The couple faces challenges, especially when it comes to expansion. Lauren admits it’s a lot more complicated now than when they started five years ago. “The real estate market is brutal,” she says, “and a lot of people want to do what we did.”

Their struggles with the housing market might suggest Airbnb’s “It” couple is dealing with a problem they helped create.

The neighbors are not happy

We spoke with several real estate investors to learn more about what they describe as the “Airbnb effect”.

“It’s a lot like gentrification,” says Eyal Pasternak, founder of the Liberty House Buying Group. “It’s going to be difficult for locals to buy the property around them, which increases wealth disparity,” Eyal says.

“In the midst of the housing market crisis, there are many different ‘boogeymen’ labeled as the problem,” says Cristina Cason, investor and real estate agent. “But there’s a jailbird no one talks about. Airbnb has inflated the housing market beyond belief,” says Cristina. She calls for government regulation to tame the app.

Airbnb has had a negative impact on local communities around the world. “Our downtown neighborhood has been hollowed out as investors buy homes and rent them out as STRs…while true Austin residents are unable to find affordable homes to buy or rent,” tweeted user @LSajbel on July 5.

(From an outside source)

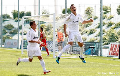 | Joselu celebrando el gol que le dio los tres puntos al Castilla fotografía realmadrid.com |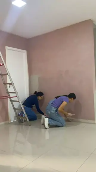 Pintando uma parede cimento queimado rosa 🥰 #diy #decor #interiordesign #pintura

Another user says, “Nashvillians can’t afford to live in Nashville anymore.” This aforementioned “Airbnb effect” could spill over to small businesses and residents, increasing tensions between locals, Airbnb hosts and vacationers unaware of their impact on these communities.

Airbnb speaks out

Meanwhile, there are currently more Airbnb listings in New York City than apartments for rent. Douglas Ellman reports that there are 7,669 units available in New York, compared to 10,572 Airbnb rentals.

“New York City hasn’t built enough affordable housing,” Airbnb said. “Rather than attacking ordinary people who use their homes to help pay bills and cover rising food and other costs,” the spokesperson says, “leaders need to focus on building more homes. for the people”.

This isn’t the first time Airbnb has had to come to its own defense. While some Arizona residents might criticize Airbnb’s intrusive efforts, they’ve compiled data to suggest they’re boosting Arizona’s economy.

A report by Rounds Consulting Group showed that short-term rentals supported more than 75,000 jobs in Arizona in 2021. They contributed $2.8 billion in labor income, $6.6 billion from expenses customers and $500 million in state and local tax revenue.

And the housing crisis?

In a study published a few years ago, researchers Kyle Barron, Edward Kung and Davide Proserpio investigated the effects of Airbnb on rents and house prices. They found that a 1% increase in Airbnb listings leads to a 0.018% increase in rents and 0.026% in house prices.

While these margins may be low, coupled with the aftermath of the pandemic and the vitriol expressed by communities, it is more likely than not that Airbnb has contributed to a spike in house prices, although the rental app at short term may not be entirely to blame.

Since its inception 15 years ago, Airbnb has proven to be a powerful and practical force alongside other apps such as Seamless and Netflix. Yet their success comes at a price. We will slowly observe the long-term effects of these applications that became popular in the early 2010s and their impact on the economy. And soon we will have an answer to our question: is the convenience of apps worth it?